Application of the 1300 tags list obtained from the Stack Overflow platform to annotate the content of OJAs revealed some challenges in using it for data extraction. The first challenge is related to the presence of terms. Recruiters may not mention some essential skills. For example, as “Drupal” is a free and open-source web content management system written in “PHP”, someone can assume that the knowledge of “PHP” suffices to be mentioned in OJAs to recruit a person who will be capable of using Drupal. Nevertheless, looking at terms that were missing in OJAs but present in skills classification could help identify the IT technologies that have become obsolete. For example, the knowledge of programming languages like Pascal, designed in 1969, or Prolog, developed in 1972, which became replaced by other programming languages in the meantime, may have disappeared from OJAs for such reason. Conversely, looking at the list of programming languages requested by employers and not included yet in ESCO classification, we could identify new relevant skill terms. For example, Golang (sometimes termed Go Programming Language) would be one of them.

The second challenge is related to the fact that the names of IT technologies are usually one-word terms with double meanings. For that reason, when used for information extraction, they might be confused with other non-relevant terms in the context of digital skills. Therefore, the inclusion of new terms to the existing classification needs to be proceeded with the evaluation by human experts and the development of training data sets. For example, the high detection of demand in OJAs written in a specific language compared to overall demand might indicate that the skill term has a double meaning. Specifically, the term “lua” means “to contact” or “to get” in Romanian and was detected in OJAs written in Romanian more frequently compared to other languages. The same regarded term, “Sprache”, which is a lightweight library for constructing parsers directly in C# code, but in German, this term also means “language”. It could be easily confused by algorithms with requirements about the ability to speak foreign languages.
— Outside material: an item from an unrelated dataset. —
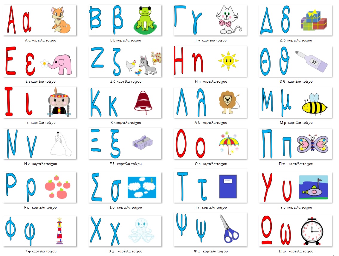 24 αρχεία εικόνας με τα 24 γράμματα. Εκτυπώνονται, πλαστικοποιούνται και αναρτώνται, συνήθως, πάνω από τον πίνακα της Α΄ τάξης

Furthermore, cross-checking the data at the occupational level may reveal other problems related to a double meaning of some terms. For example, the term “Rails” used for tagging questions related to a web application framework written in Ruby may lead to incorrectly identifying IT skills for the occupation of plasterers. In the OJAs recruiting for roles as plasterers, we may find the word “rails”, which does not refer to digital skills (e.g. “we search for a person who knows how to install rails, smooth walls, etc.”). Similarly, tag “Lager” is not only a type of beer but also a logging framework for Erlang, in which case the digital skill could be mistakenly annotated for the occupations related to brewery as workplace. Another example is the operating system called “Pick”. Analogously to the example with “lua”, the term “pick” can also be found in other contexts than as a reference to the knowledge of the system, e.g. seasonal occupations in agriculture where picking of fruits/vegetables will be required. The term “Jacket” could either point to the requirement of knowledge of numerical computing platforms enabling GPU acceleration of MATLAB-based codes or could come from OJA recruitment of someone possessing tailoring skills. The term “Rivets” is a C++ class library which provides the infrastructure and calculational tools for particle-level analyses for high-energy collider experiments. But if it is used in a non-digital context, it could mean the physical skill of an assembly cell operator or welding operator. Finally, the tag “Intern”, a JavaScript testing framework, could be confused with vacancies targeting recruitment of interns.

Another challenge concerns some tags that could be confused with existing company names. For example, Whirlpool (sometimes styled WHIRLPOOL) is a cryptographic hash function that transforms any arbitrary block of data into a fixed-size string of bytes that is unique (to the best of human knowledge) to the given data. But this term is also the name of a multinational manufacturer and marketer of home appliances. Similarly, using SPA could detect demand for well-being and spa resort workers instead of identifying skills related to web application – single-page application (SPA). The application of a technique called Named Entity Recognition (NER), a subfield of Natural Language Processing (NLP) that involves the identification and classification of named entities (like names organisations), should help in the correct distinction between the digital skill term and the name of a company.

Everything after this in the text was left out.